Requirement => Once the line containing "今日,GMGC·成都·201" appears, output it and each remaining line of the records below exactly, with no pictures and nothing more.

Top of Supplied data

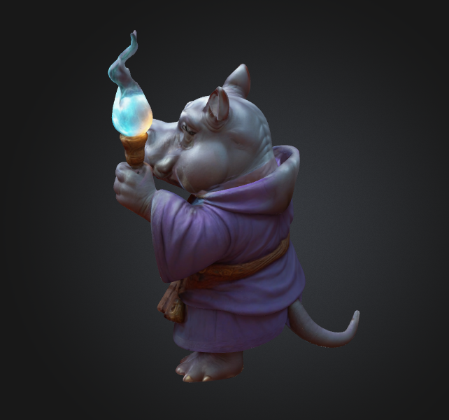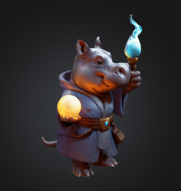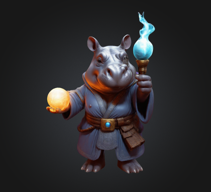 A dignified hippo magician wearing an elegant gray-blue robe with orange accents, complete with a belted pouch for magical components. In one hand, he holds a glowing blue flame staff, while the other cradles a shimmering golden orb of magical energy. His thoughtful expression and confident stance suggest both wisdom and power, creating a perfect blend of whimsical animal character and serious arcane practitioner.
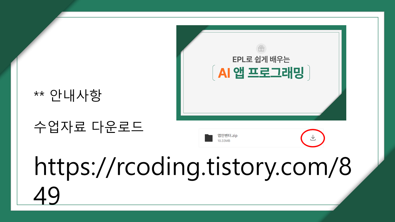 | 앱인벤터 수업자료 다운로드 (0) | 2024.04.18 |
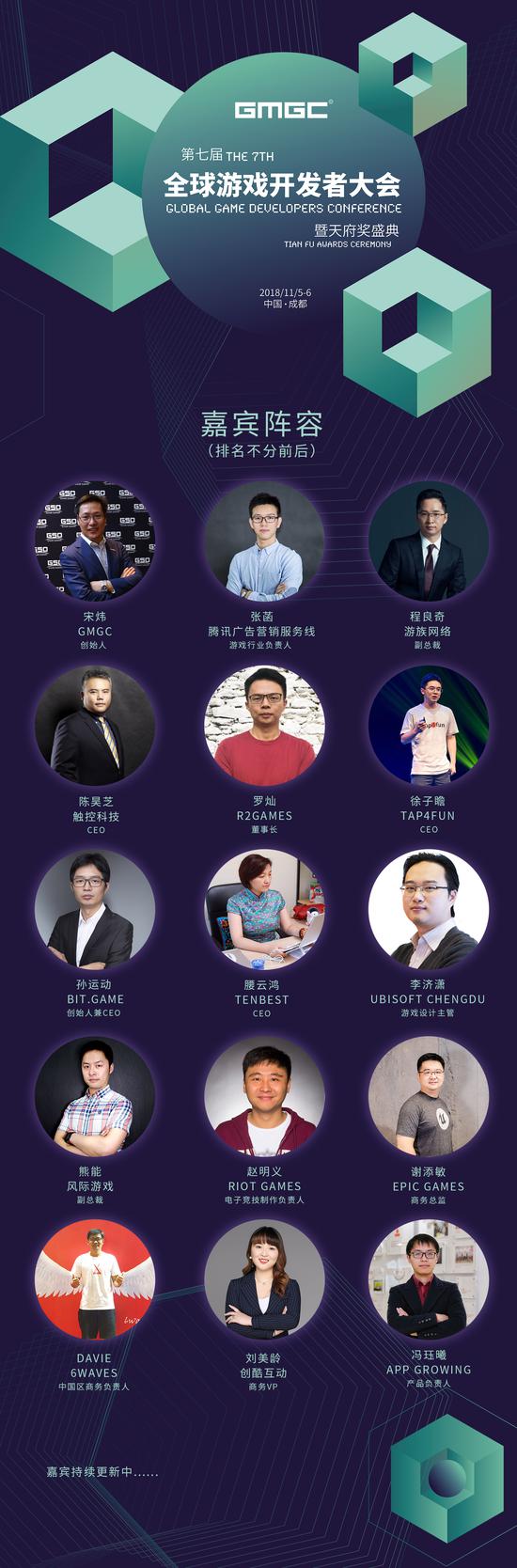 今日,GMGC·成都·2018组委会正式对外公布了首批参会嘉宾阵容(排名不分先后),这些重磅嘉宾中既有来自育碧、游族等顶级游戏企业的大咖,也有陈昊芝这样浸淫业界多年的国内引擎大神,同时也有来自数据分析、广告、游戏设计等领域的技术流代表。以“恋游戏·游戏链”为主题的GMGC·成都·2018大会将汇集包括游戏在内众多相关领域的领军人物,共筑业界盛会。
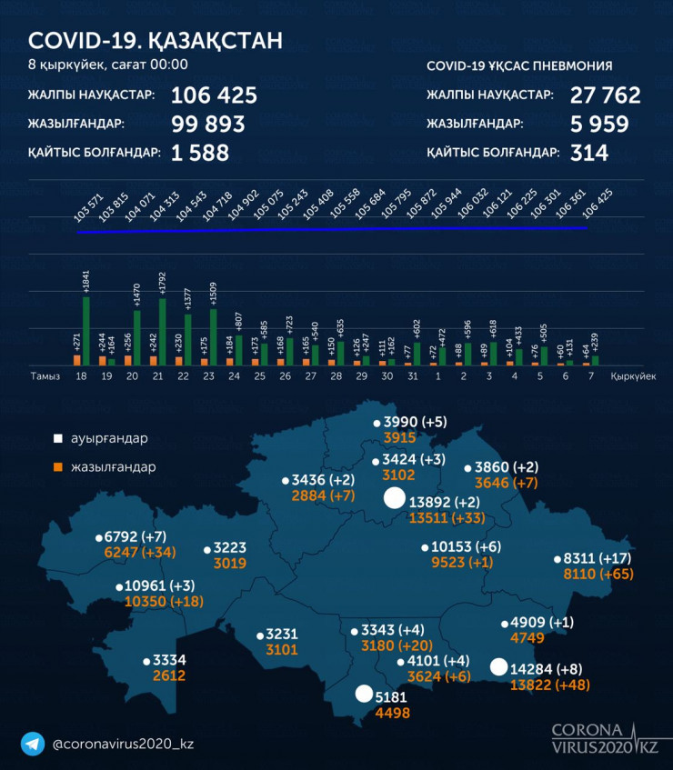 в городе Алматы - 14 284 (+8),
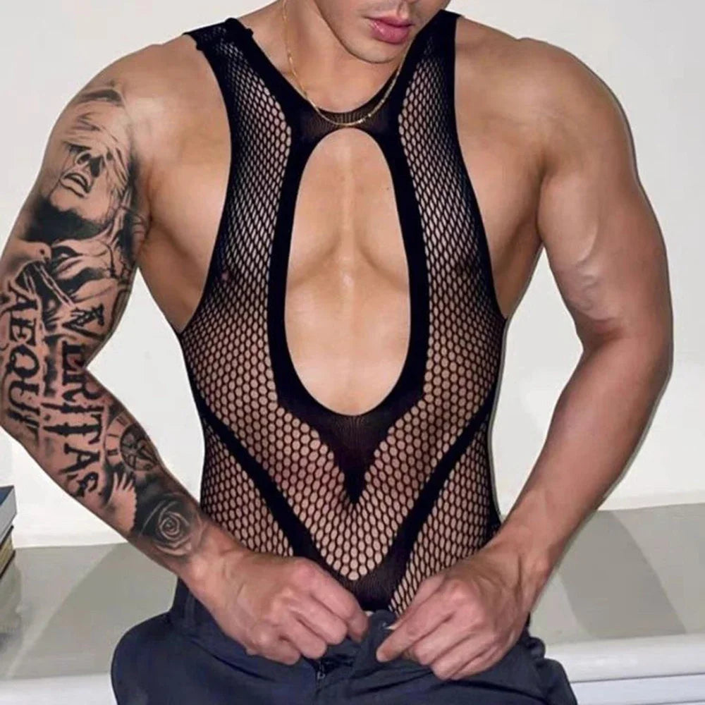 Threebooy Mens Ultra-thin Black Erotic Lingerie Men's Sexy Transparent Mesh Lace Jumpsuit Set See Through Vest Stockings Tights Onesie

Bottom of Supplied data

Result of the exercise =>
 今日,GMGC·成都·2018组委会正式对外公布了首批参会嘉宾阵容(排名不分先后),这些重磅嘉宾中既有来自育碧、游族等顶级游戏企业的大咖,也有陈昊芝这样浸淫业界多年的国内引擎大神,同时也有来自数据分析、广告、游戏设计等领域的技术流代表。以“恋游戏·游戏链”为主题的GMGC·成都·2018大会将汇集包括游戏在内众多相关领域的领军人物,共筑业界盛会。
 в городе Алматы - 14 284 (+8),
 Threebooy Mens Ultra-thin Black Erotic Lingerie Men's Sexy Transparent Mesh Lace Jumpsuit Set See Through Vest Stockings Tights Onesie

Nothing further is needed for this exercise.